The following questions should be asked in reaching a decision about outsourcing a management function:
Will decisions or tasks related to the function have extraordinary/critical results for the success of the project?
Is the management function one that requires significant fiduciary responsibility that can have an impact on the progress of the project if it is mismanaged?
If outsourced, will the management function bind the agency to either a monetary commitment or a contract without protecting the public interest?
Will decisions and tasks related to the function have effects beyond the scope of the project (e.g., environmental, public safety, or national security effects)?
Will decisions and tasks related to the function infringe on mandates by government or requirements by law?
If outsourced, will the management function place unjustified and uncontrollable authority in the hands of one private provider over another?
If outsourced, will the management function require the external organization to make the service delivery sufficiently proprietary to the point that the agency would be committed solely to that organization for future services?
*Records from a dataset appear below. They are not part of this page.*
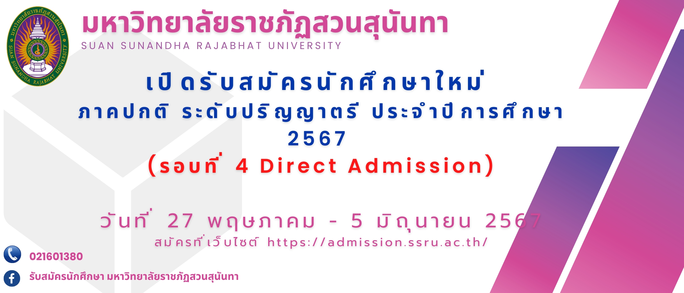 สามารถสมัครได้ที่ https://admission.ssru.ac.th/login
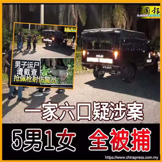 (怡保7日訊)「男子運屍拒查後傷警逃逸」一案;警方目前已逮捕涉案的一家六口助查!
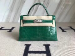エルメスミニケリーバッグ2世代ヘメスミニケリー-26Qエメラルドグリーンシャイニークロコダイルレザーシルバーバックル
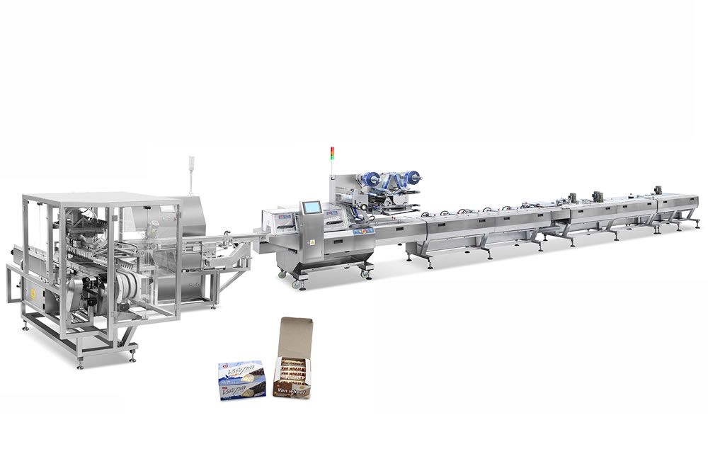 適用于各種長方形食品的自動排料、裝盒包裝。經(jīng)包裝后的成品外形美觀、裝盒數(shù)量準確、品質(zhì)穩(wěn)定。 特點:
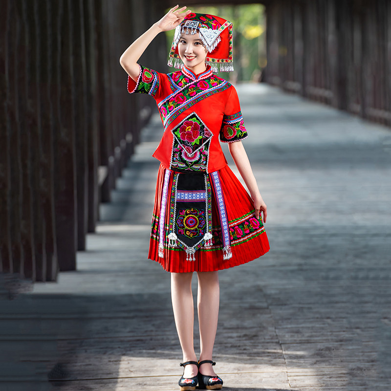 苗族少数民族服装女成人彝瑶族云南贵州苗寨服饰舞蹈服演出衣服
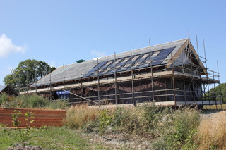 Timber frame house on One Planet Development with reclaimed slate roof and integrated solar panels under construction.
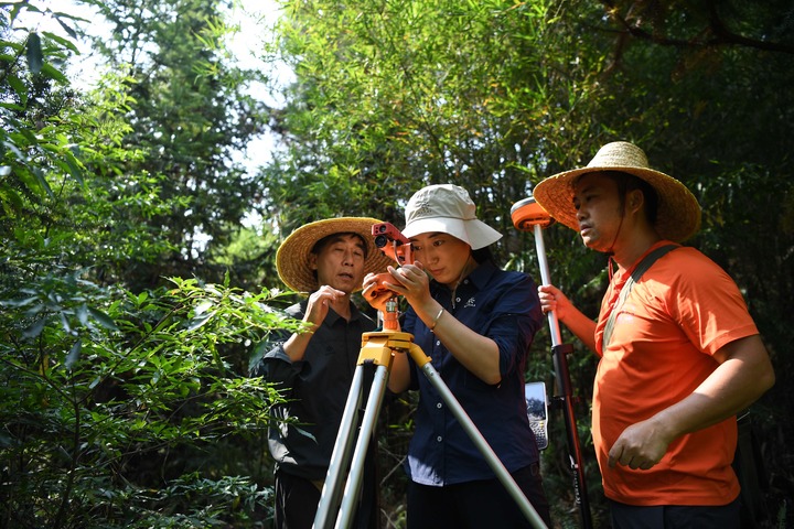 2022年9月22日,在廣東韶關樂昌市張溪村的生態(tài)監(jiān)測樣地,白拉曲珍(中)和師傅江建發(fā)(左)、同事伍國清(右)在操作設備。新華社記者鄧華 攝
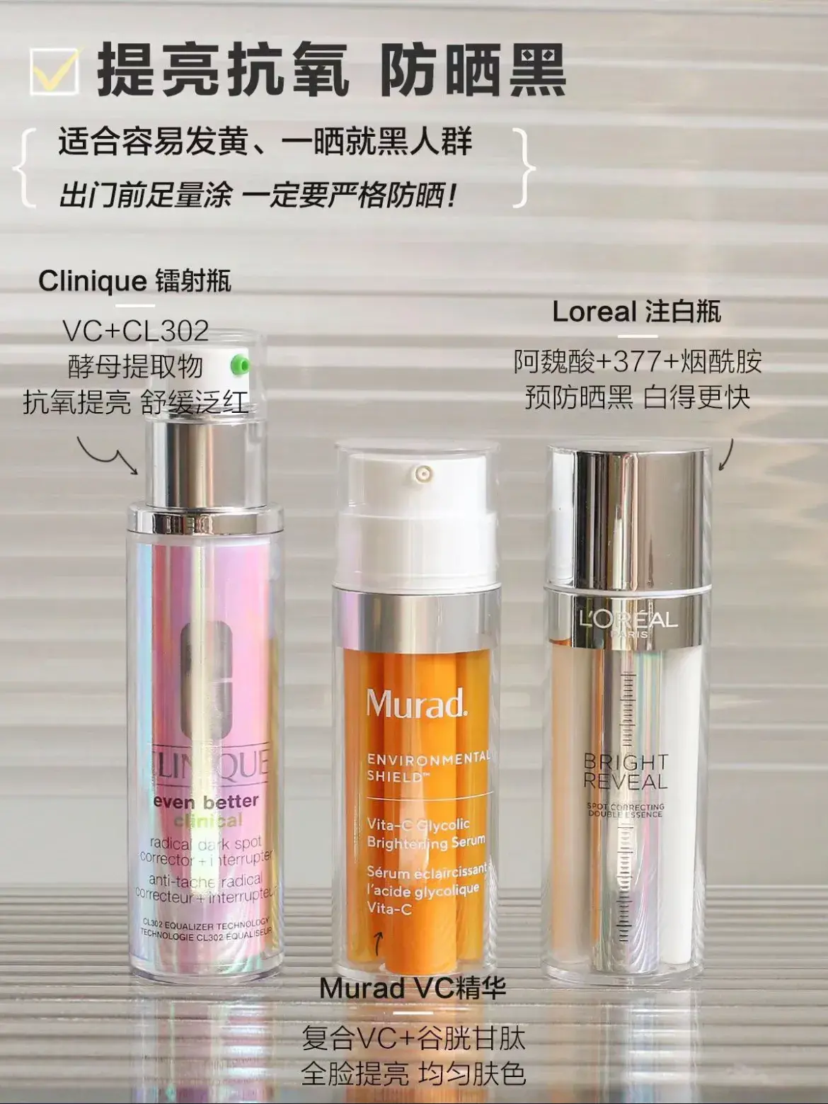 1、VC及其衍生物:干扰黑色素生成,清除自由基,淡斑抗老抗氧化。原形的VC刺激性大且不稳定,所以大多数美白产品中添加的都是VC衍生物。(珀莱雅 双白瓶)
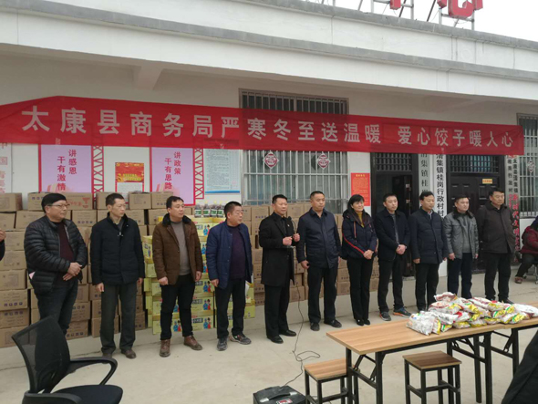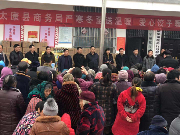 12月21日下午,冬至前夕,太康縣副縣長(zhǎng)喬偉、縣商務(wù)局局長(zhǎng)李曉紅,清集鎮(zhèn)黨委書(shū)記吳文靜,帶著對(duì)貧困群眾的關(guān)心、關(guān)愛(ài),到太康縣清集鎮(zhèn)張子影行政村、桂崗行政村開(kāi)展嚴(yán)寒冬至送溫暖,愛(ài)心餃子暖人心扶貧慰問(wèn)活動(dòng)。

Although an affirmative answer to any one of these questions may not preclude a decision to outsource, each question represents an opportunity for the agency to retain or relinquish control of a critical management function. Because the ultimate responsibility for the program, project, or service remains with the agency, affirmative responses should be carefully and individually considered.
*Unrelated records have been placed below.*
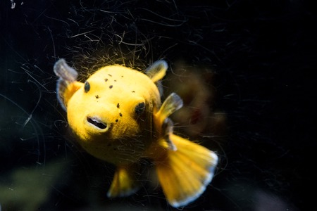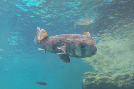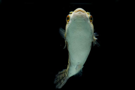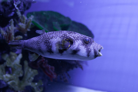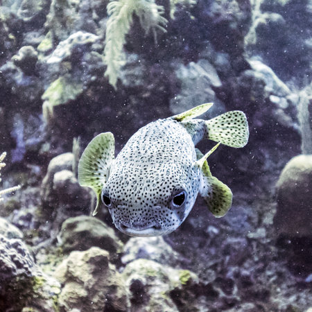 Fugu puffer blowfish fish Arothron Hispidus in aquarium as nature underwater sea life background
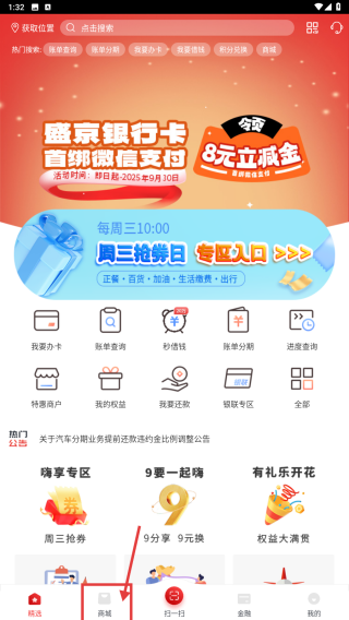 1、打開銀行APP,點(diǎn)擊底部商城選項(xiàng),進(jìn)入商城購物頁面。
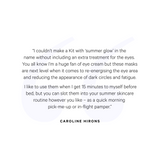 Enriched with moisture boosting Rosewater, Glycerin, Hyaluronic acid and Panthenol, the skin around the eye area is instantly plumped and hydrated. To support skin barrier function and to soothe and calm the skin, Squalane, Ceramides, Cholesterol and plant extracts work in synergy. Collagen boosting peptides act as signallers for new collagen formation, whilst the Caffeine and Niacinamide work to reduce dark circles and under eye fatigue.
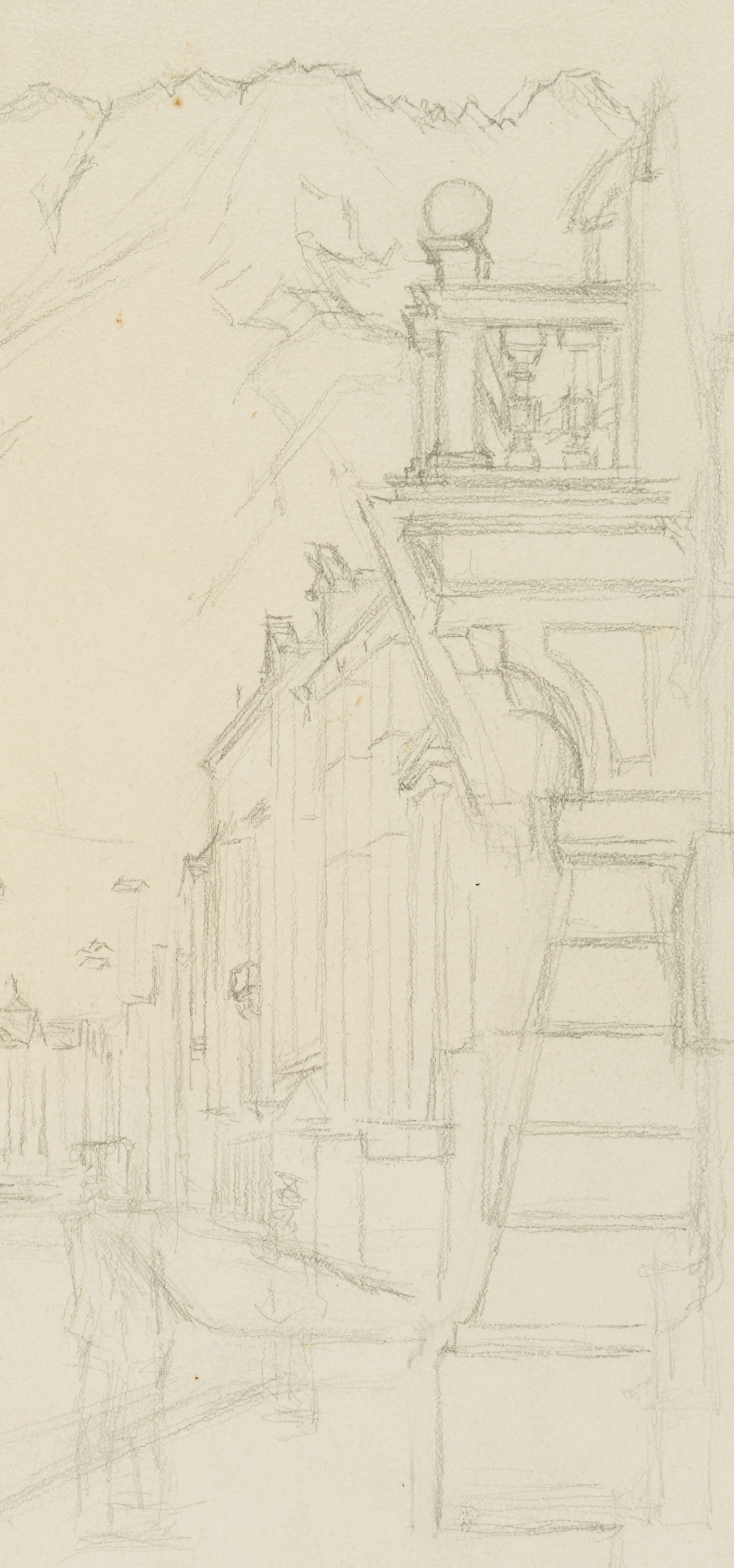 - Beschreibung: Ohne Bezeichnung. Blick in einen Straßenzug, der zu beiden Seiten von Häusern gesäumt wird. Die zum Teil prachtvollen Fassaden der Architektur sind aufmerksam wiedergegeben. Im Hintergrund ist eine Säule mit Standbild zu erkennen, gleich dahinter ein Kirchturm. Im Horizont dann ein beeindruckendes Alpenpanorama mit einer massiven Bergkette.
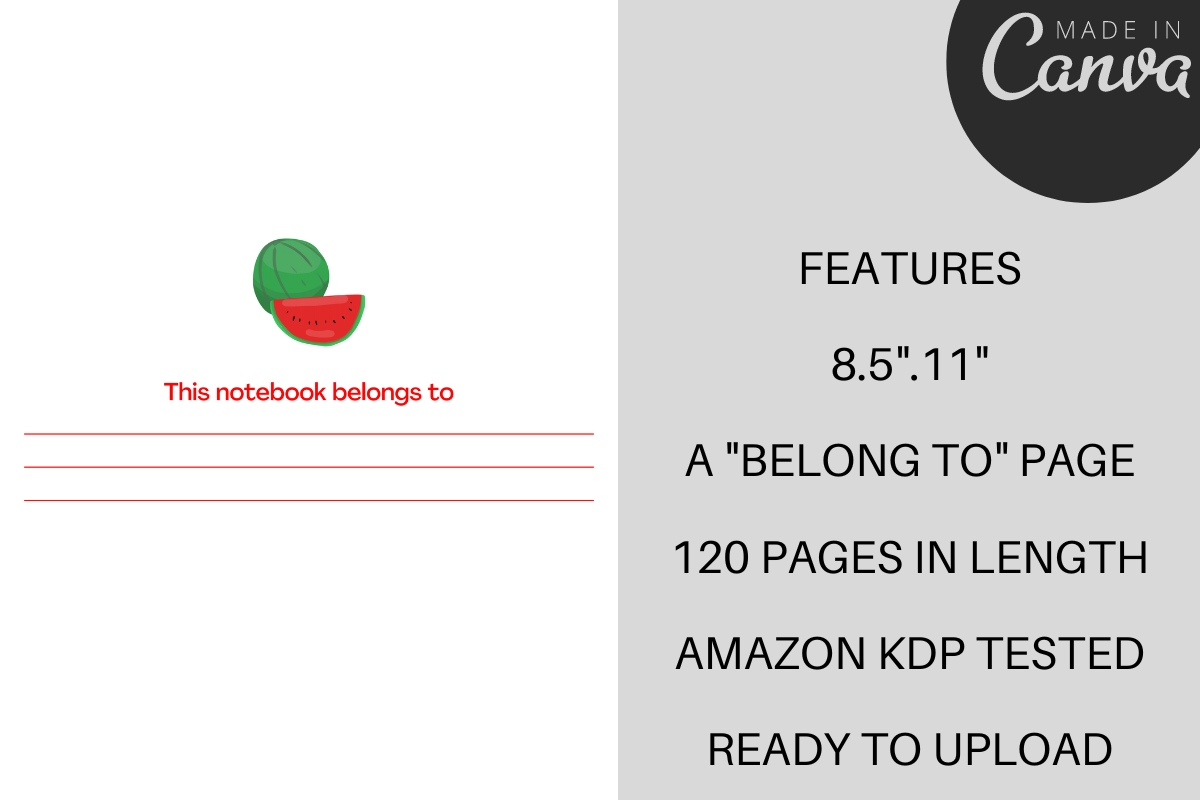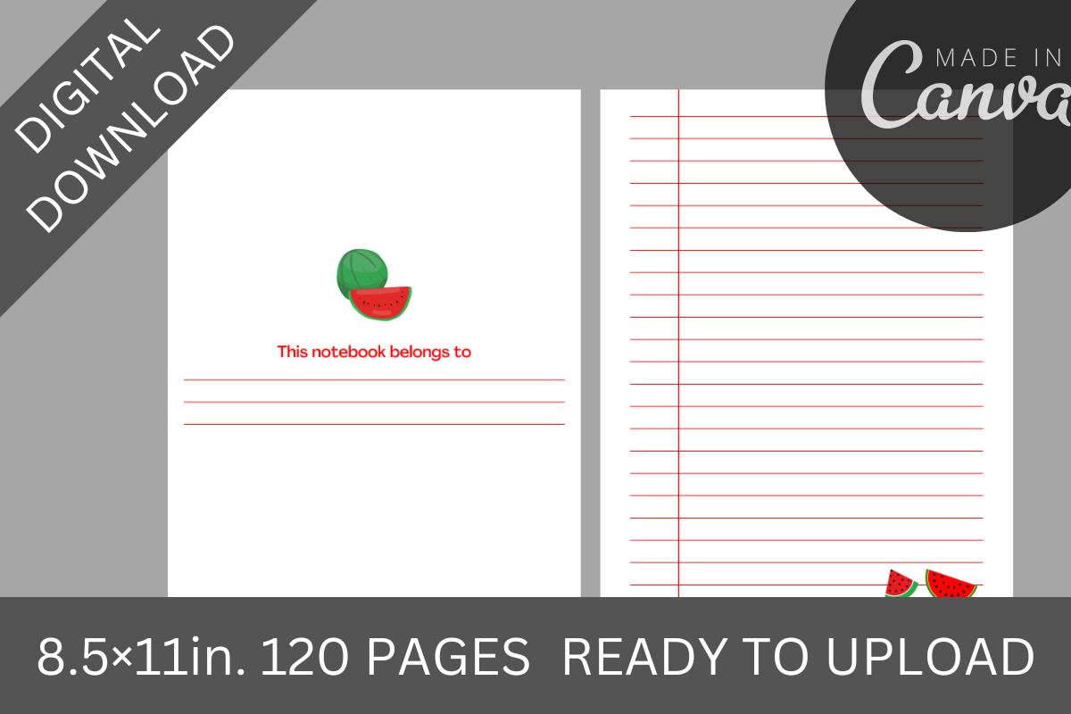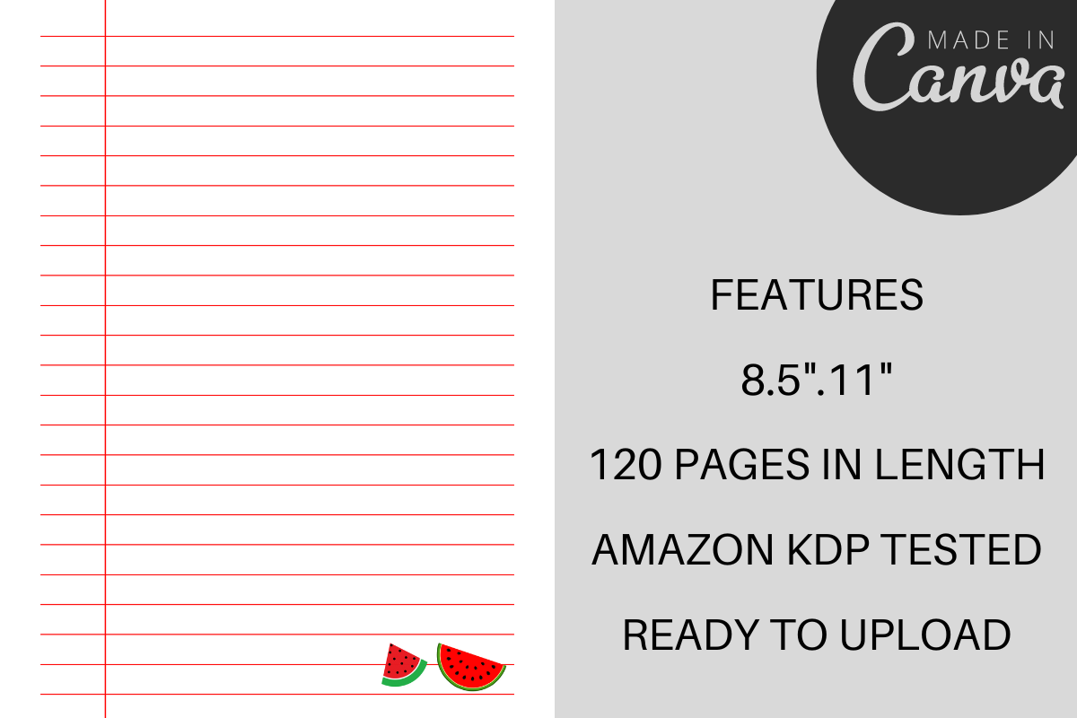 INTERIOR+COVER FOR WATERMELON KDP LINED PAPER, KDP JOURNAL PAPER, KDP LEARN TO WRITE, KDP KIDS JOURNAL, JOURNAL NOTEBOOK MOCKUPS, KDP WORKBOOK, ESTY EBOOK

NEED FOR OR ADVANTAGE OF OUTSOURCING
If a management function is deemed to be one that does not unduly compromise the agency's ownership functions, the next step in the decision process is for
the agency to determine if there is a need for or advantage to outsourcing. The answer will be partly based on the agency's role as an owner, user, or provider of facilities and its core competencies. A key factor in this determination will be the availability of qualified staff to perform the management function and/or the time available to successfully accomplish the function in house.
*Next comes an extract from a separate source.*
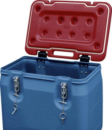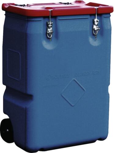 "metaDescription": "UN-zertifizierter Behälter mit Klappdeckel - für Putzlappen und Binder/Granulate, HDPE, blau, mit Bügelverschluss und Schiebegriff, 2 Hartplastikräder, in verschiedenen Größen",
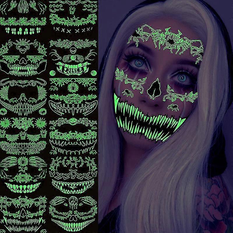 6 Sheets Scary Halloween Face Tattoos Glow In The Dark Temporary Tattoo Stickers For Women Men, 3d W

Perhaps the most fundamental consideration is whether an agency has inhouse professional or technical skills available to manage planning, design, or construction activities. If the activity will not be a continuing one, there would be little point to hiring and training staff to handle a one-time special need or peak workload. If special study skills, or even data systems, are required for the management function, it may not be feasible or cost effective to acquire the skills or technology and train in-house staff to perform the function. Outsourcing in these situations can be an effective or advantageous way of handling unique workloads for which it would be impractical to retain or train in-house staff or purchase equipment.
In a related situation, an agency may have a modicum of in-house competencies but not enough qualified people to handle peak or shifting workloads effectively at a given time. Or an agency may have the required competencies in some field offices but not in others. In these situations, it may be advantageous for the agency to outsource some of its functions to meet project delivery deadlines.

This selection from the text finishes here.